Although we previously described 'lupus nephritis' as the key search term in the manuscript and response letter, we would like to correct this, as the actual search was conducted using the broader term 'lupus'
- Deduplication: Duplicate records were removed using the EndNote reference management software.
- Screening: The initial literature search and screening of titles and abstracts were primarily conducted by the first author. However, the selection of relevant studies and evaluation of their content were rigorously assessed in collaboration with the co-authors to ensure accuracy and objectivity. Discrepancies or uncertainties regarding study inclusion were discussed and resolved through consensus among the authors. Furthermore, during the selection and evaluation process, studies published prior to January 1, 2010 were also considered if they were deemed highly reliable and valuable this review. Such references were incorporated with the agreement of all co-authors and included in the final manuscript.
- Eligibility Criteria:
Inclusion: Original peer-reviewed articles in English, human studies, and articles focusing on the pathophysiology, biomarkers, or treatment strategies related to lupus nephritis. Additionally, case reports and review articles were considered for inclusion if they were judged particularly valuable to the context of the review. These were included with the agreement of all co-authors.
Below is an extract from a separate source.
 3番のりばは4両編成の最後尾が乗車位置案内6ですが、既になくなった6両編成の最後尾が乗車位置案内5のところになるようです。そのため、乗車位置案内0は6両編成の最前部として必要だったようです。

Exclusion: Conference abstracts and non-English publications were excluded.
- PRISMA Flow Diagram: We fully acknowledge that, ideally, a PRISMA-compliant flow diagram should be included to enhance transparency and reproducibility. However, this review is not a systematic review of clinical trials or treatment guidelines, nor does it primarily focus on the evaluation of clinical data. Given the narrative nature of this review—which integrates a broad range of literature, including basic and translational research—we determined that a detailed PRISMA diagram may not be essential in this context. We also recognize that constructing such a diagram in a methodologically rigorous manner posed practical challenges for our team. Nevertheless, we have conducted the literature search and selection process with diligence and integrity, as outlined in the revised methodology. We sincerely hope that our efforts to present a transparent and honest account of the review process will be recognized in lieu of a formal flow diagram.
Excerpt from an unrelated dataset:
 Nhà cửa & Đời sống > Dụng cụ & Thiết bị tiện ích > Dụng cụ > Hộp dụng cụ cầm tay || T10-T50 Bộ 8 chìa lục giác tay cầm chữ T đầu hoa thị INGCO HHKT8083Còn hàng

These additions aim to enhance the clarity, transparency, and reproducibility of our review methodology. We are grateful for your insightful comments, which have significantly strengthened the rigor and quality of our manuscript. We hope that the revised version will now be considered suitable for publication in the International Journal of Molecular Sciences.
We look forward to receiving your response.
Sincerely,
Yukihiro Wada
Department of Nephrology, Kitasato University School of Medicine
E-mail address: wada-y@kitasato-u.ac.jp
Round 3
Reviewer 1 Report
Comments and Suggestions for AuthorsThank you for your reply. I have no further comments.